The records section start

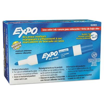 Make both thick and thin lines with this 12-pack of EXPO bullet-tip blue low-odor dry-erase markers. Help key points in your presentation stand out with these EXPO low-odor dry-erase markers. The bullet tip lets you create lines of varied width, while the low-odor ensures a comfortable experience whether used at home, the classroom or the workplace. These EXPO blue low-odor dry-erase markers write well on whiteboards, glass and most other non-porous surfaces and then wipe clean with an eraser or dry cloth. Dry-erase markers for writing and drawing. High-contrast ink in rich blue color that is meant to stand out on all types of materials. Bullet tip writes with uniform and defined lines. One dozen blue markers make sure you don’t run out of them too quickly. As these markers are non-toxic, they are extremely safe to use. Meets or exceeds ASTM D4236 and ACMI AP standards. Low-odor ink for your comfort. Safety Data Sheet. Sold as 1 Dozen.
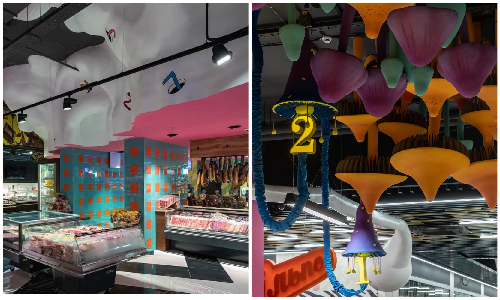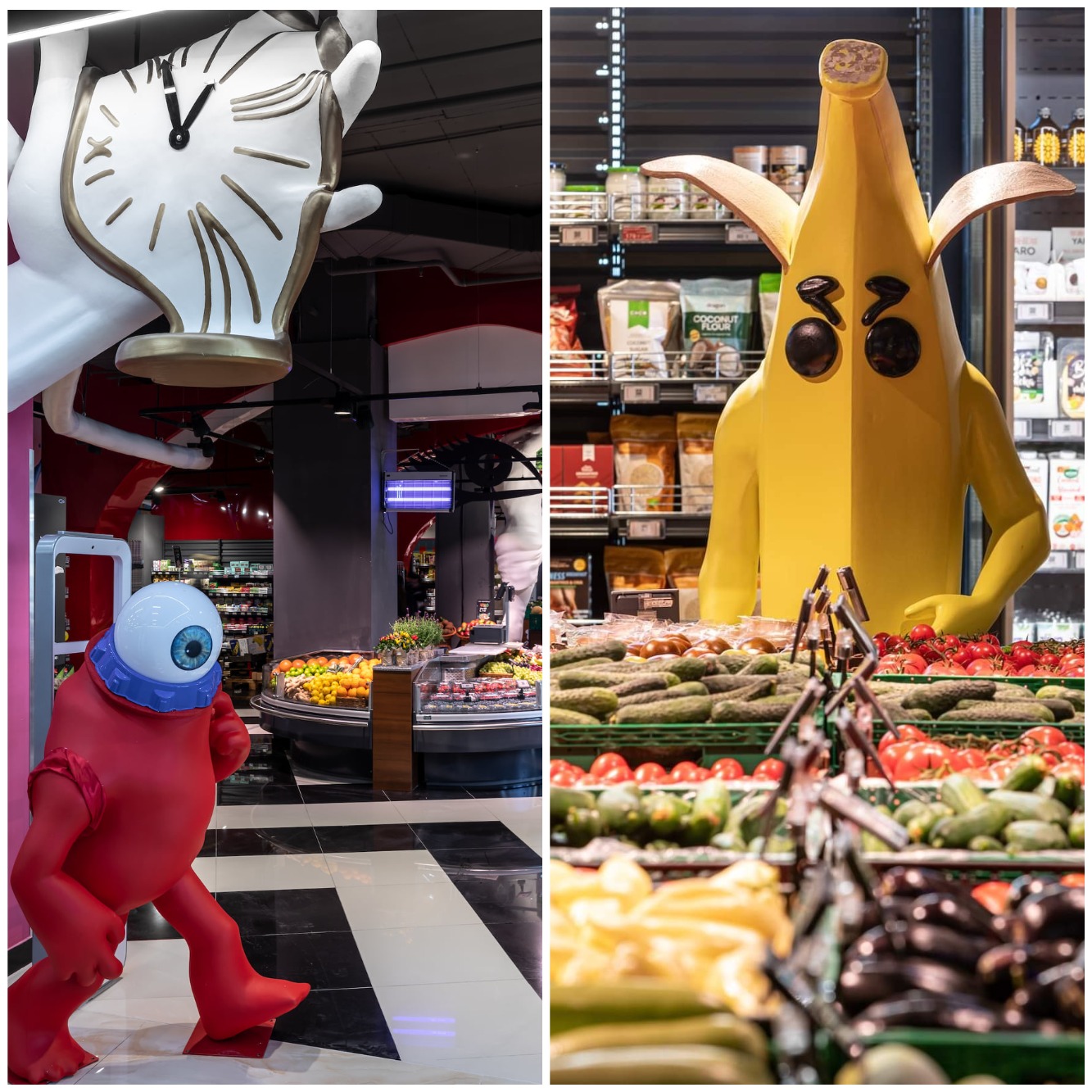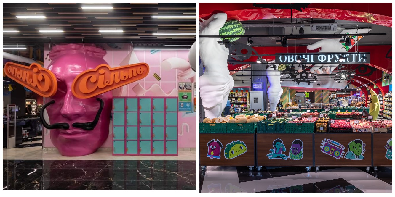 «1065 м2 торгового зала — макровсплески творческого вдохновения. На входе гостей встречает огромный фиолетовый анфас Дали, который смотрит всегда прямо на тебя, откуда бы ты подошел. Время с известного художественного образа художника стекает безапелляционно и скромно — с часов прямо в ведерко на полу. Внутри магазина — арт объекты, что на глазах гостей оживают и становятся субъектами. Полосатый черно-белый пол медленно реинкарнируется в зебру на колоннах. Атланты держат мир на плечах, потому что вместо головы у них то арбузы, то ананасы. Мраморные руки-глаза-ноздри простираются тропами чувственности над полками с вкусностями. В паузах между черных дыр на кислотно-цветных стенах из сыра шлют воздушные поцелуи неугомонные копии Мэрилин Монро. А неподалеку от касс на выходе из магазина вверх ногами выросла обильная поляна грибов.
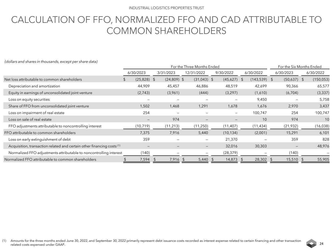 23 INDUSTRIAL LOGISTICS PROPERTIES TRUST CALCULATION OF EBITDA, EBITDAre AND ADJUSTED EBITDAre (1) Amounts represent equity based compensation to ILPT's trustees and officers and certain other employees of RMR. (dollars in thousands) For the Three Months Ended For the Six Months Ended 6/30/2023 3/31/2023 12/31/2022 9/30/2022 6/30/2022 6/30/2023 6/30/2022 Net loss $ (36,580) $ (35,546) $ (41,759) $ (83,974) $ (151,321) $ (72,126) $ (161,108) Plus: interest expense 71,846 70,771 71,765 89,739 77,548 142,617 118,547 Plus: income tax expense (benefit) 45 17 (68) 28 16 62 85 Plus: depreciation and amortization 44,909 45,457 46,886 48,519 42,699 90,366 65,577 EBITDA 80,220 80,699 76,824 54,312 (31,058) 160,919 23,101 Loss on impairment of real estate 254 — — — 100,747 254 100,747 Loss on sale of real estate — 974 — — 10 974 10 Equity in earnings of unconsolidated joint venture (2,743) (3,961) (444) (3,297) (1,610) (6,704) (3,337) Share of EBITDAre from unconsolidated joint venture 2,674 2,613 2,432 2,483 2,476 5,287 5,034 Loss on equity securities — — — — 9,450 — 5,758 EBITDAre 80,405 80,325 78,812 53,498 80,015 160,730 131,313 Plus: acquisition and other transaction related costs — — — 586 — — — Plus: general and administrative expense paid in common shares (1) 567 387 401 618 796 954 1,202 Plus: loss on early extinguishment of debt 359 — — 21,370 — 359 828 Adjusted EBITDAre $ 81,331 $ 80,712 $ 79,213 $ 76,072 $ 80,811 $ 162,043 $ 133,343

The records section end
The records section start

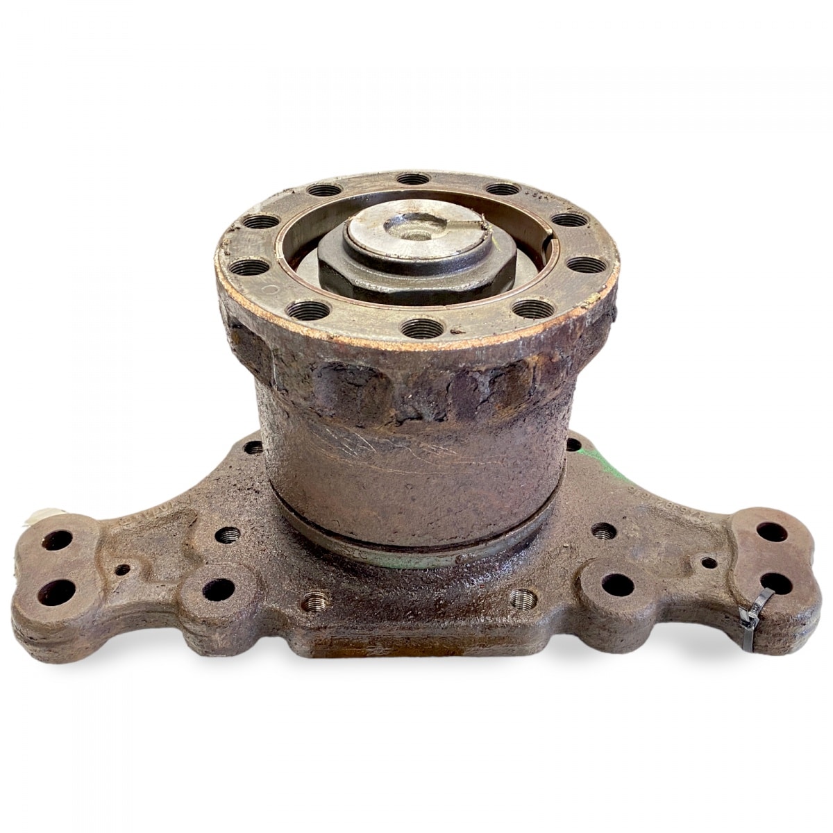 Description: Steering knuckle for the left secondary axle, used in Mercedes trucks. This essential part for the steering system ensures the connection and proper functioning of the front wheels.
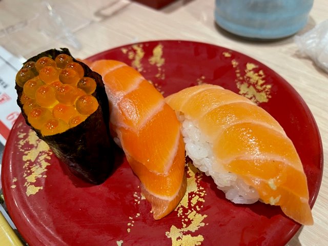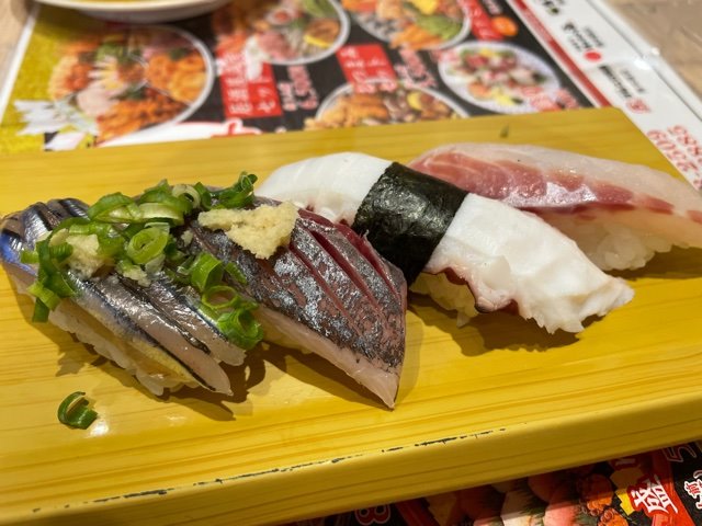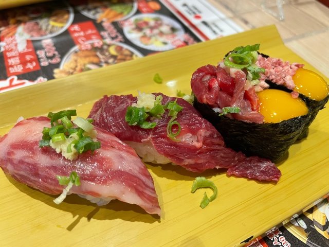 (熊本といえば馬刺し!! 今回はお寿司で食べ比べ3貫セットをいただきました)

The records section end
The records section start

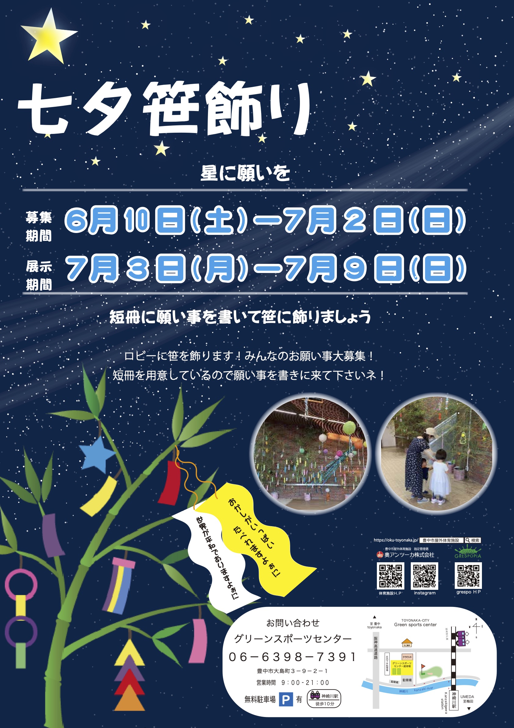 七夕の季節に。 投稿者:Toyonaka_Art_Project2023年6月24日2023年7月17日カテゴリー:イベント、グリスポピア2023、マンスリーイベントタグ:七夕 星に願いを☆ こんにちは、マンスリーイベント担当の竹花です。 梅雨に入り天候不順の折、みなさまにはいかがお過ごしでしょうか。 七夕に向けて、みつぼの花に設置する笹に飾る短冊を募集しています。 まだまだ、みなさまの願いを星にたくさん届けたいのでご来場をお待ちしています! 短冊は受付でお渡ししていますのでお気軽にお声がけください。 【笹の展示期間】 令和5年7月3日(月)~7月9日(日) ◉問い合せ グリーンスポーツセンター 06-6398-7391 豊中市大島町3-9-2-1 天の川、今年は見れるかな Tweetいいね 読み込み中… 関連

The records section end

Task prompt ▸ What you write out is the stretch of entries from the line containing "Description: Steering knuckle" to the line containing "(熊本といえば馬刺し!! 今回はお寿司で食べ比べ3貫セットをいただきました)", word for word, with both end lines and no pictures.

Answer for this exercise ▸
 Description: Steering knuckle for the left secondary axle, used in Mercedes trucks. This essential part for the steering system ensures the connection and proper functioning of the front wheels.
 (熊本といえば馬刺し!! 今回はお寿司で食べ比べ3貫セットをいただきました)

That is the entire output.